* Your goal
Exact wording is required: give all the records again, minus the pictures.

* Source records
- Opening Delimiter -

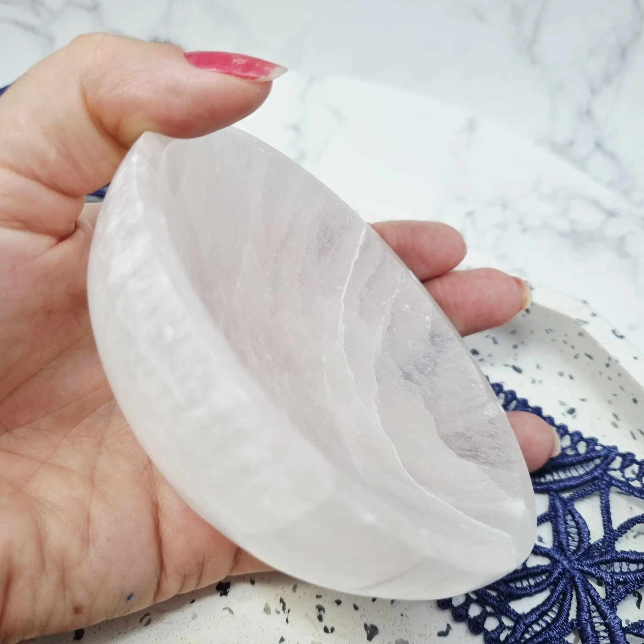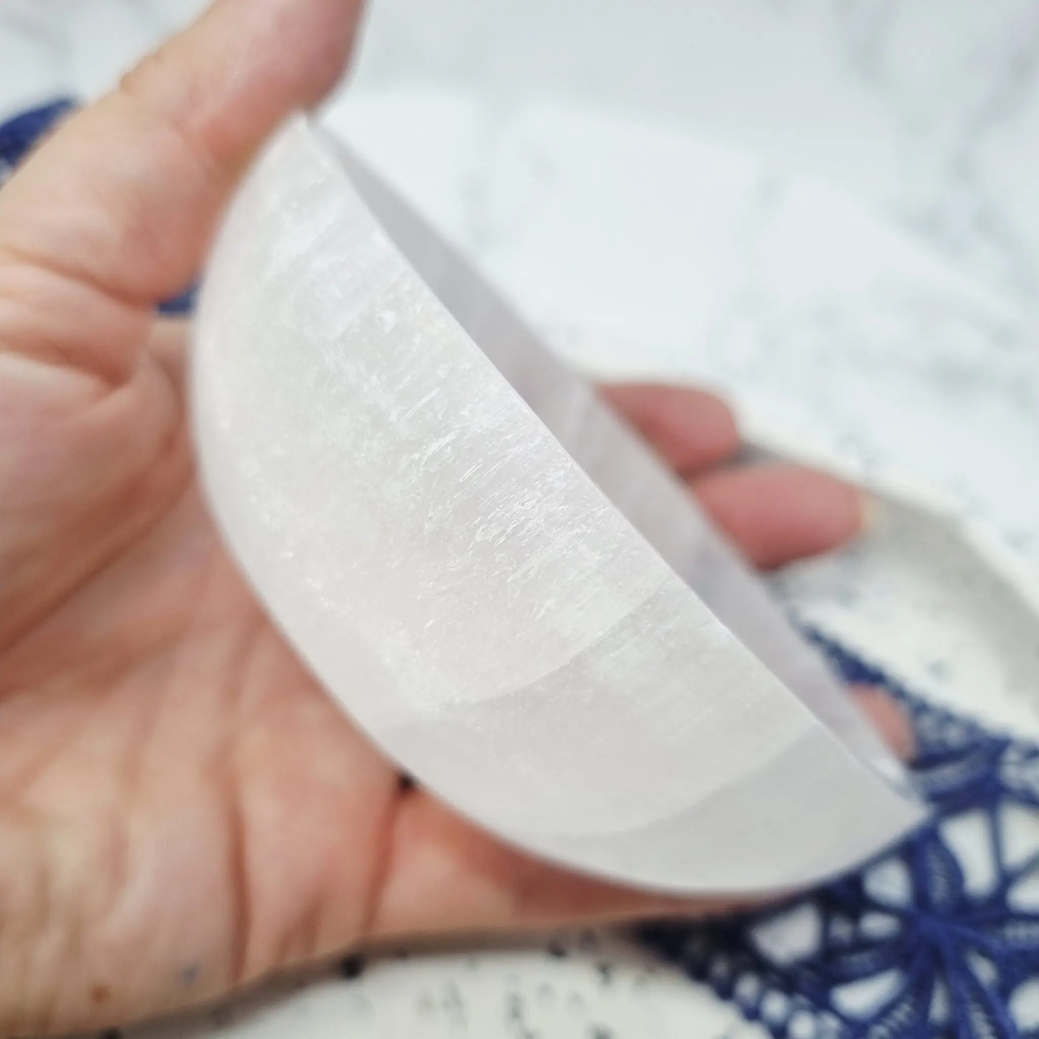 Ta čudovita selenit posodica je oblikovana kot majhna, plitva okrogla skodelica z rahlo nagnjenimi stranicami. Njena barva je čista, prosojna, mlečno bela, skozi katero se ob določeni svetlobi lahko prebijajo subtilni, biserni odtenki in odsevi. Tekstura je prepoznavno selenitna, z nežnimi vdolbinami in naravnimi vzorci, ki spominjajo na pernate ali vlaknate strukture, kar dodaja občutek mehkobe in organskosti. Notranjost posodice je gladko polirana, medtem ko so zunanje površine lahko nekoliko bolj teksturirane, kar poudarja njeno naravno lepoto. Zaradi svoje prosojnosti lahko skozi posodico svetloba preide, kar ustvarja nežen sijaj in poudarja naravne sloje kamna. Zaradi svoje relativno nevtralne barve se lepo dopolnjuje z barvami kristalov, ki jih vsebuje.
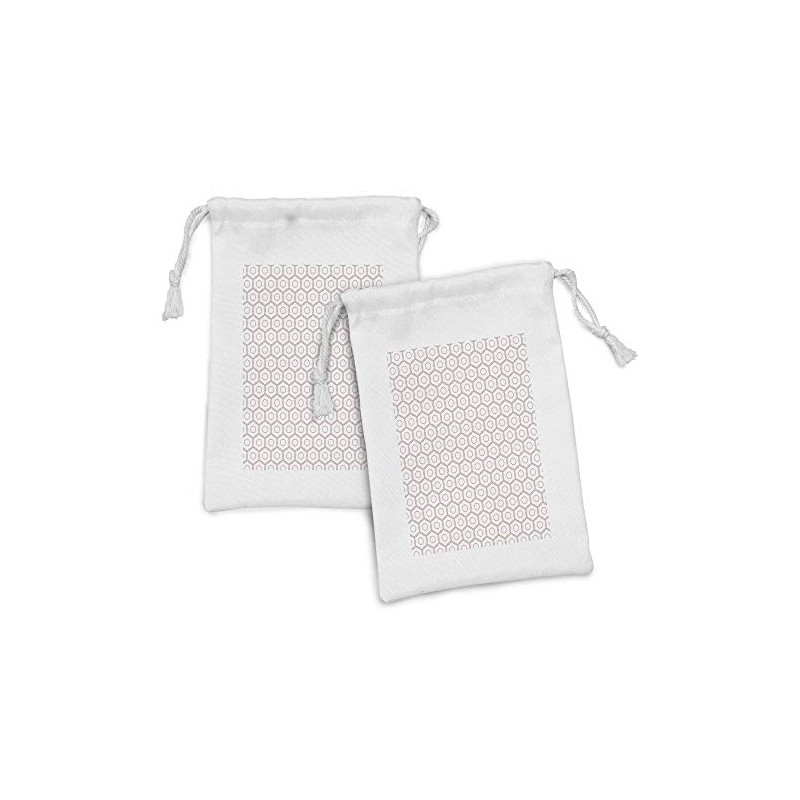 Ambesonne Abstract Fabric Pouch Set of 2, Pattern of Circles Inside Hexagons in Ornamental Style and Geometrical Design, Small Drawstring Bag for Toiletries Masks and Favors, 9" x 6", Dried Rose
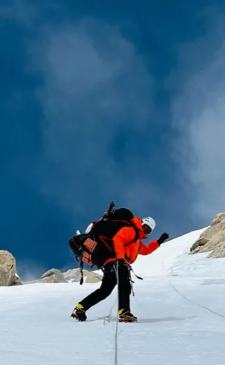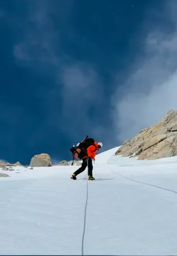 Prasidėjo viskas nuo ankstyvo ryto, kai dar tamsoje užsidėjau kuprinę ir ant ledyno pasitikau pirmuosius saulės spindulius. Ledo kirvis skambėjo įtemptame ritme, o sniego traškesys po spaudžiamais kampinomis buvo tarsi priminimas, jog čia šeimininkauja gamta – ne žmogus.
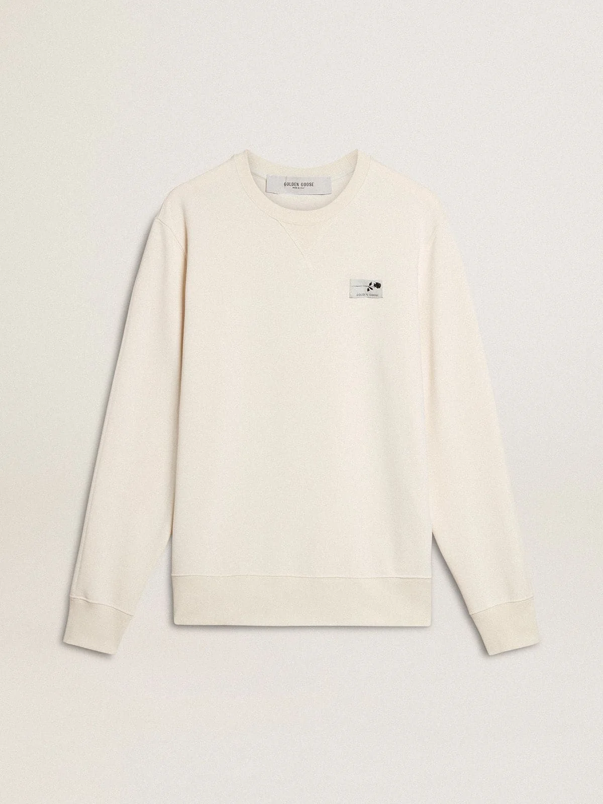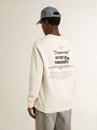 The second drop in the Fall/Winter 25 collection unfolds like a relaxed and refreshing journey, woven into the fabric of each and every piece. Made of white organic cotton, this men's sweatshirt features a branded label on the chest and black lettering on the back. The micro-ribbed hems and two little stars on the back add the finishing touch. DETAILS Item No. GMP01223.P002139.82432 - Journey Collection - Color: white - Branded label on the chest - Writing printed on the back in black - Micro-ribbed trims - Double gold star on the back - Main material: 100% cotton - Made in Italy The model is 183 cm tall and is wearing a size M.
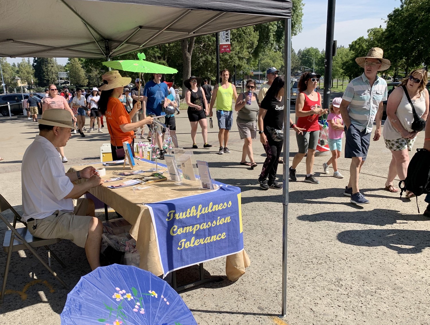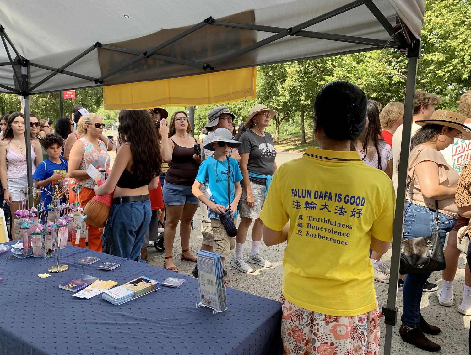 【明慧网二零二三年八月二日】二零二三年七月十五至七月二十九日的连续三个周末,加州首府沙加缅度的法轮功学员都在每年一度的加州博览会场外的言论自由区设立展位。向参观的民众及游客介绍这一起源于中国,以真、善、忍为准则的古老传统功法,民众非常认同且喜爱法轮功。
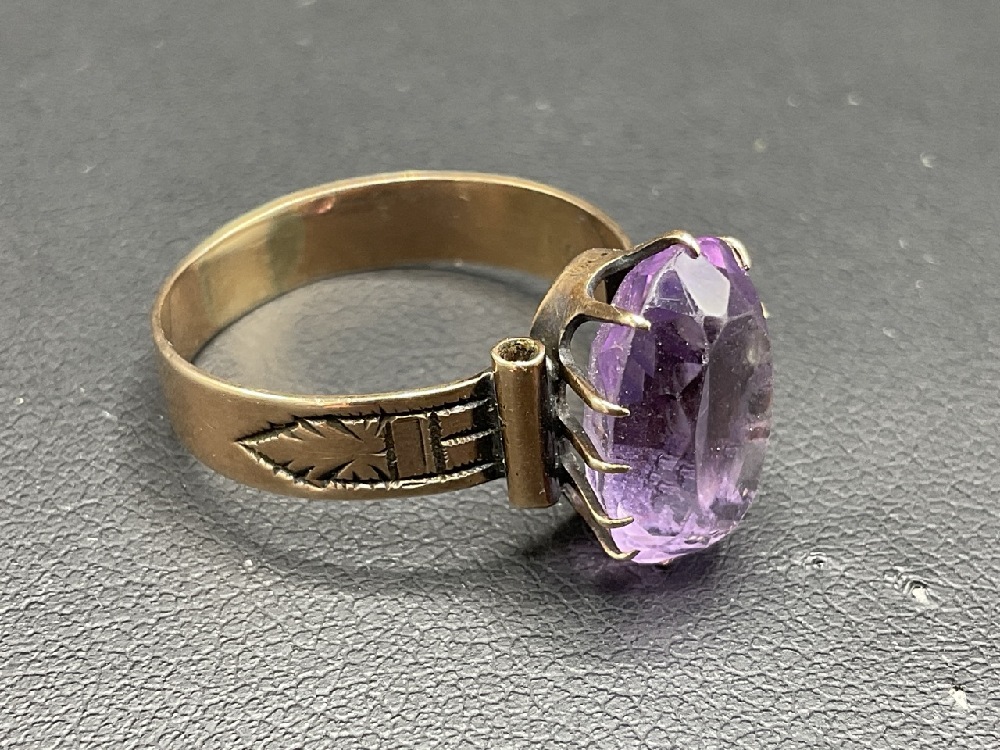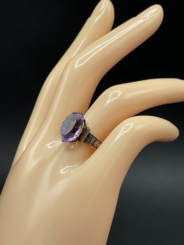 14K Yellow Gold Antique Amethyst Etched Ring.
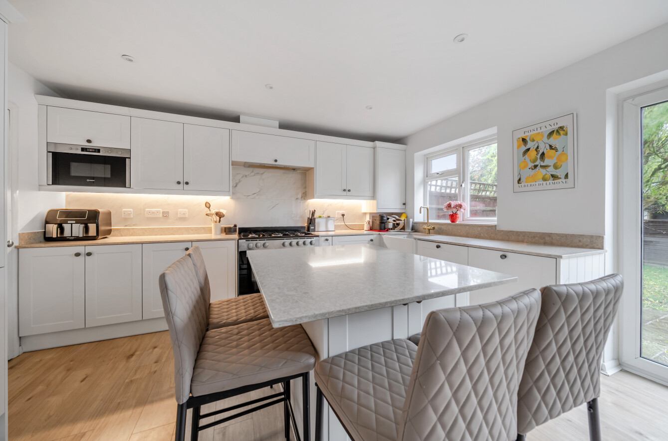 A well presented and ground floor extended, semi-detached family house, providing three bedroom accommodation including a beautifully fitted kitchen/dining room with island and newly fitted shower room, complemented by a front and rear garden, on a corner plot with a single garage and two parking spaces, all occupying a central village location, a level walk of the mainline station, Sainsbury’s supermarket and high street amenities. Cranbrook School Catchment area.
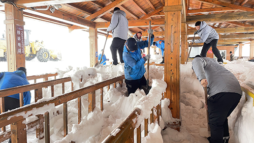 4月8日,長白山旅游股份有限公司景區運營三部組建清雪突擊專班,“全覆蓋”“地毯式”清理西景區候車回廊積雪,備戰“五一”假期旅游小高峰。
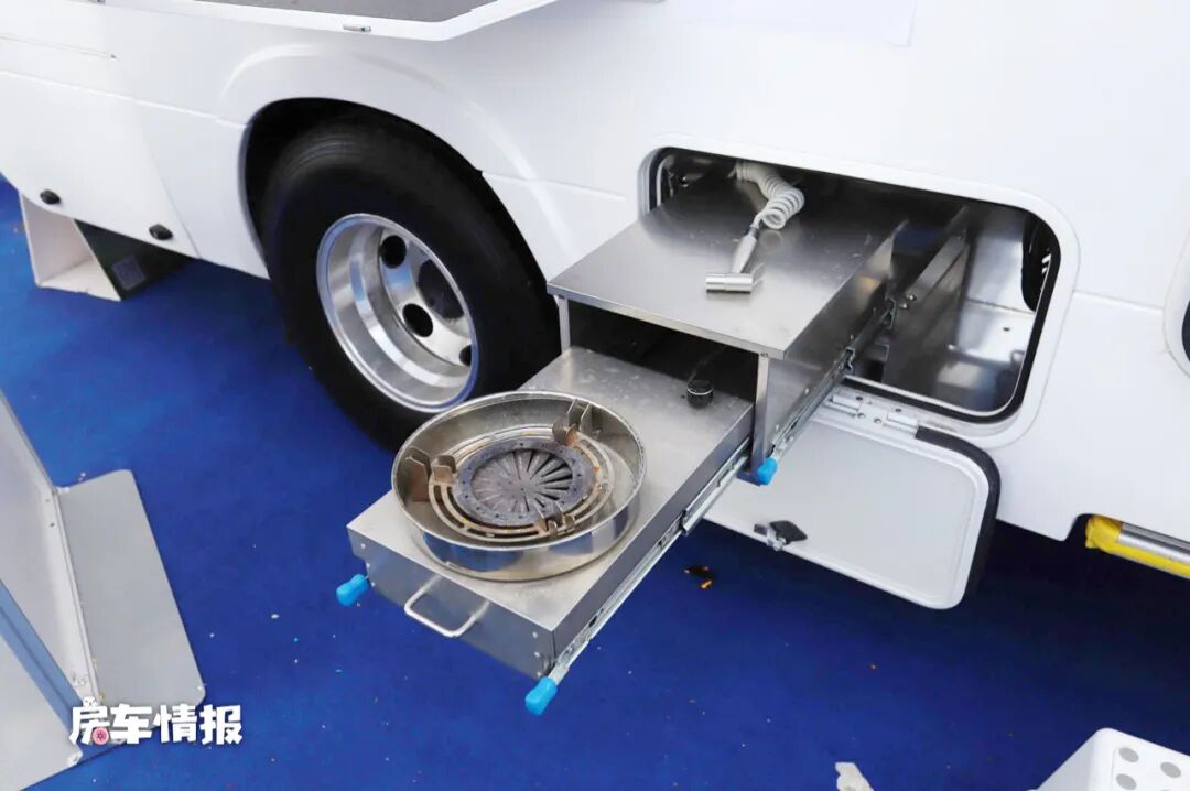 车身采用了三明治一体成型FRP车厢结构,右侧上方提供了一个4米的遮阳棚,下方配备了一个外置抽拉燃气灶和翻版,方便平时驻车时在车外做饭炒菜,而不必担心油烟的问题。

- Closing Delimiter -

* Answer to the problem
 Ta čudovita selenit posodica je oblikovana kot majhna, plitva okrogla skodelica z rahlo nagnjenimi stranicami. Njena barva je čista, prosojna, mlečno bela, skozi katero se ob določeni svetlobi lahko prebijajo subtilni, biserni odtenki in odsevi. Tekstura je prepoznavno selenitna, z nežnimi vdolbinami in naravnimi vzorci, ki spominjajo na pernate ali vlaknate strukture, kar dodaja občutek mehkobe in organskosti. Notranjost posodice je gladko polirana, medtem ko so zunanje površine lahko nekoliko bolj teksturirane, kar poudarja njeno naravno lepoto. Zaradi svoje prosojnosti lahko skozi posodico svetloba preide, kar ustvarja nežen sijaj in poudarja naravne sloje kamna. Zaradi svoje relativno nevtralne barve se lepo dopolnjuje z barvami kristalov, ki jih vsebuje.
 Ambesonne Abstract Fabric Pouch Set of 2, Pattern of Circles Inside Hexagons in Ornamental Style and Geometrical Design, Small Drawstring Bag for Toiletries Masks and Favors, 9" x 6", Dried Rose
 Prasidėjo viskas nuo ankstyvo ryto, kai dar tamsoje užsidėjau kuprinę ir ant ledyno pasitikau pirmuosius saulės spindulius. Ledo kirvis skambėjo įtemptame ritme, o sniego traškesys po spaudžiamais kampinomis buvo tarsi priminimas, jog čia šeimininkauja gamta – ne žmogus.
 The second drop in the Fall/Winter 25 collection unfolds like a relaxed and refreshing journey, woven into the fabric of each and every piece. Made of white organic cotton, this men's sweatshirt features a branded label on the chest and black lettering on the back. The micro-ribbed hems and two little stars on the back add the finishing touch. DETAILS Item No. GMP01223.P002139.82432 - Journey Collection - Color: white - Branded label on the chest - Writing printed on the back in black - Micro-ribbed trims - Double gold star on the back - Main material: 100% cotton - Made in Italy The model is 183 cm tall and is wearing a size M.
 【明慧网二零二三年八月二日】二零二三年七月十五至七月二十九日的连续三个周末,加州首府沙加缅度的法轮功学员都在每年一度的加州博览会场外的言论自由区设立展位。向参观的民众及游客介绍这一起源于中国,以真、善、忍为准则的古老传统功法,民众非常认同且喜爱法轮功。
 14K Yellow Gold Antique Amethyst Etched Ring.
 A well presented and ground floor extended, semi-detached family house, providing three bedroom accommodation including a beautifully fitted kitchen/dining room with island and newly fitted shower room, complemented by a front and rear garden, on a corner plot with a single garage and two parking spaces, all occupying a central village location, a level walk of the mainline station, Sainsbury’s supermarket and high street amenities. Cranbrook School Catchment area.
 4月8日,長白山旅游股份有限公司景區運營三部組建清雪突擊專班,“全覆蓋”“地毯式”清理西景區候車回廊積雪,備戰“五一”假期旅游小高峰。
 车身采用了三明治一体成型FRP车厢结构,右侧上方提供了一个4米的遮阳棚,下方配备了一个外置抽拉燃气灶和翻版,方便平时驻车时在车外做饭炒菜,而不必担心油烟的问题。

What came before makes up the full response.